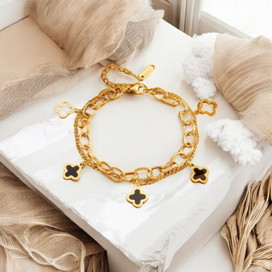 Malia - Charm-Armband mit Schwarzem Kleeblatt
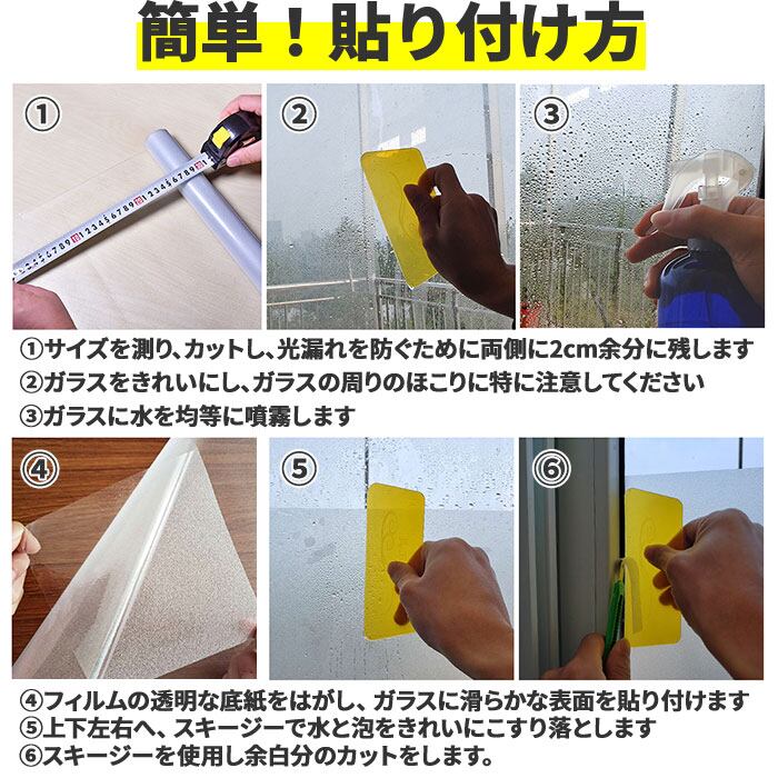 ・窓ガラス表面とガラスフィルム表面を霧吹きで軽く濡らして、ピタッと窓ガラス貼り付けるだけ!
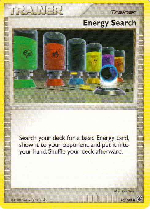 Search your deck for a basic Energy card, show it to your opponent, and put it into your hand. Shuffle your deck afterward.

▶ _WHAT YOU NEED TO DO_
Everything in the listing above except the pictures should be duplicated exactly.

▶ _RESPONSE AREA_
 Malia - Charm-Armband mit Schwarzem Kleeblatt
 ・窓ガラス表面とガラスフィルム表面を霧吹きで軽く濡らして、ピタッと窓ガラス貼り付けるだけ!
 Search your deck for a basic Energy card, show it to your opponent, and put it into your hand. Shuffle your deck afterward.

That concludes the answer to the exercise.